孫策的房間,此時房門緊閉,屋內所有的人差不多都被趕了出來。張纮趕到時,看見就連孫匡等孫策的親兄弟都被趕在房門外,不允許進屋。這會兒正隨著一群文武大臣和一隊孫策的親衛圍著房門團團轉,一見張纮立時要張纮進去看看。
他們還是希望借用孫策對張纮的信任和張纮在孫家的老資格,能打動孫策開門放幾個親信和兄弟進去。
接著張纮一打聽原來孫策的確醒了過來,但眼看快不行了,但他執意要最后見一見喬瑩,并把所有人都驅趕了出來。因為現在眾人大部分都了解了一些喬瑩和孫策婚姻狀況,這讓孫匡等人很是擔心孫策要求單獨約見喬瑩之事,所以一見張纮來到,就希望以他受孫策的器重和尊重,能否勸說孫策讓他們進去。
張纮心道:“你們這些小輩就是不懂事宜,他孫策要和喬瑩說的話,不能讓你們聽,也就不能讓我聽,就算我叫門,又有何用?”
不過張纮鑒于對喬瑩的承諾和責任,也只能硬著頭皮叫了門。但房間內很久也未有回應,不一會兒,就見喬瑩被幾名護衛的陪同下出現在了回廊下。
在這之前吳景、孫匡等都有對喬瑩“保護”的安排,喬瑩也是在張纮離開后,晃神般的被轉入了其他房間休息的。但也沒等喬瑩定下心來冷靜半響,又被通知孫策醒了,并且指名要見她。

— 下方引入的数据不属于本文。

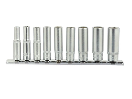 Zestaw nasadek długich 6-kątnych. W komplecie znajduje się 9 nasadek w rozmiarach 5 - 13 mm z mocowaniem 1/4". Całość wykonano z wytrzymałej stali stopowej chromowo-wanadowej.

喬瑩嘆了口氣,心想:“該來的,總是要來的!”于是就跟著保護她的兵衛來了。
喬瑩經過房門口時,見到張纮跟他似有似無點了一下頭,就開門進去了。
張纮因為忙于孫尚香和孫紹的安排,還未來得及對喬瑩做出必要的保護。誰也沒想到孫策會在這段極短的時間內又醒了過來,并且一醒來就要見喬瑩。
但喬瑩經過張纮身邊時,沒有求生的慌亂和對張纮的怨恨,喬瑩的那下輕點頭,無非是表達了要張纮信守承諾,保護好她的兒子即可。

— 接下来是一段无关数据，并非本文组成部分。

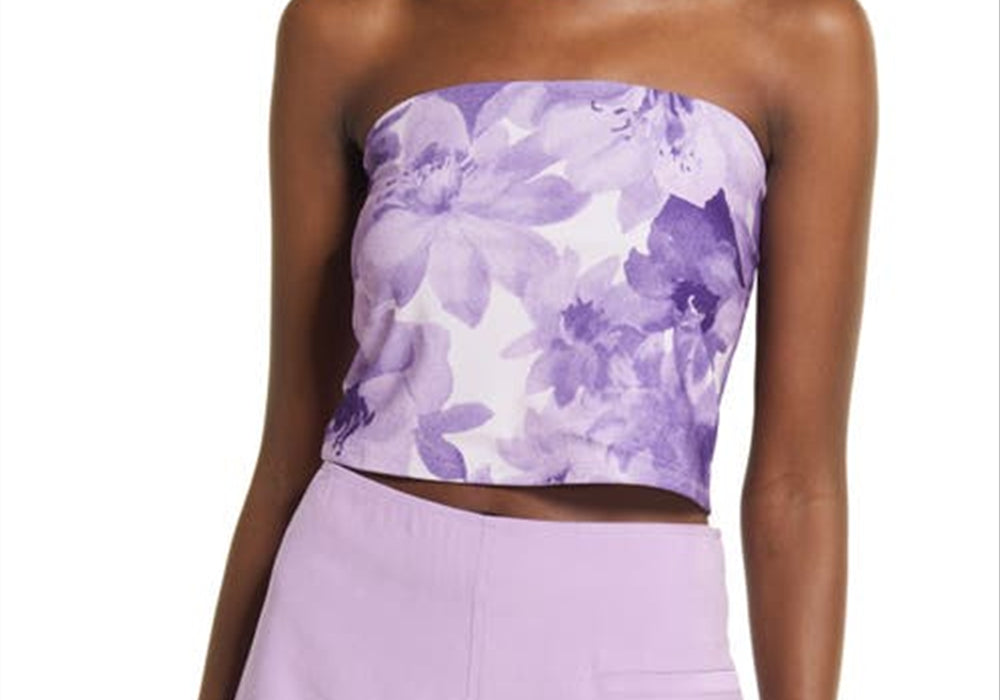 Purple Moss Bloom print | Strapless design | Relaxed fit | Elasticized tube-top neckline | Lightweight fabric | Medium size | Ideal for summer | Stylish casual look | From Nordstrom | Open Edit Brand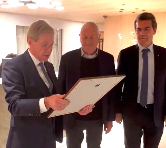 Zu den Gratulanten gehörten u. a. Generaldirektor Robert Zampieri sowie der Obmann der Cassa Raiffeisen Val Badia Georg Mutschlechner mit Direktor Hubert Obwegs und den Mitglieder des Verwaltungs- und Aufsichtsrates.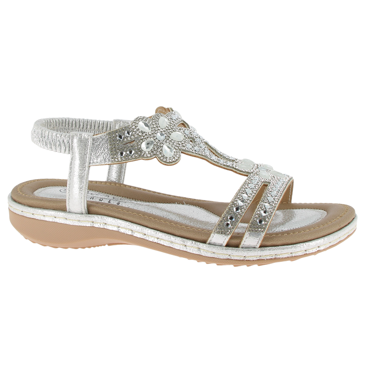 Andrea Conti – sandaalit hopeisilla koristeilla sopivat kesäisiin menoihin ja juhlakengiksi. Lesti on tilava ja sandaalit on helppo laittaa jalkaan.
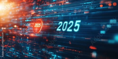 New year loading progress bar 2025 on digital lcd display, new year concept background

張纮當然明白,但此時人多眼雜,他實在不宜和喬瑩說些什么,只能看著她叩開房門后走了進去。
喬瑩進入房間后,就見最后的一名郎中也被孫策攆了出來。而且還通過那名郎中傳出了口訊,任何人只能在門外等候,不許踏進房門一步。
這時不光孫匡等孫家的族氏成員著急了,張纮也有點急了。張纮遣退不必要的一些人去準備后事后,在門外只剩下了他和孫側幾名重要的族氏成員,就在門房踱開了方步。

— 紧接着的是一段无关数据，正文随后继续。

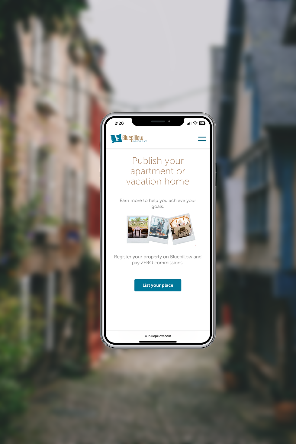 Bluepillow is a travel accommodation search engine based in Italy that allows travelers to compare and book different types of vacation housing such as private rental homes, hostels and hotels. I worked with them as a marketing and brand creative to create a user-friendly interface with soft imagery and homey copy that invited users to list their own spaces and to travel confidently.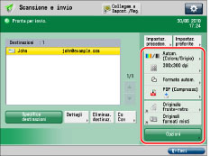 È possibile conservare le impostazioni di invio relative all'ultimo lavoro di invio. Per annullare le impostazioni, premere .Le destinazioni specifiche non vengono conservate. |

好半響,房間里一點聲音也沒有。越是看不到,聽不到屋內的情形,就越是激發著張纮等人的好奇心。
但因為現在留守之人都是自持有身份的,誰也沒好意思趴在門縫上往里偷看,或是把耳朵貼在門縫上偷聽等舉動,幾人就這么干耗著。
就在這時,虞翻匆匆不請自來的又找上張纮。這個奇怪的虞翻顯然不是來準備為孫策的生死而做些什么的,他一來沒跟孫匡等孫家重要成員說些什么,卻對著張纮附耳說了一番話。
張纮聽完虞翻的話,立時一陣疑惑和興奮,看了一會兒虞翻,兩人又轉到角落里嘀咕幾句,張纮就向眾人告辭,說是有事先要去處理一下。
當虞翻帶著張纮兩人一副道貌岸然真有什么重大之事要去處理的樣子,轉出了煙水亭,張纮跟著虞翻七拐八拐的就進了近旁的觀音閣。然后,張纮就在一堵不只是觀音閣,還是連接煙水亭的隔墻處站定,張纮看著面前的兩架竹梯,問虞翻道:“就這啊?”
“對,張大人上吧!”虞翻說著就不顧張纮率先爬上了一架竹梯。
張纮或許是第一次干這種見不得人的事,不免有些拉不下臉,左右一看確定這間房內再無他人,他才跟著虞翻的爬上了另一架竹梯。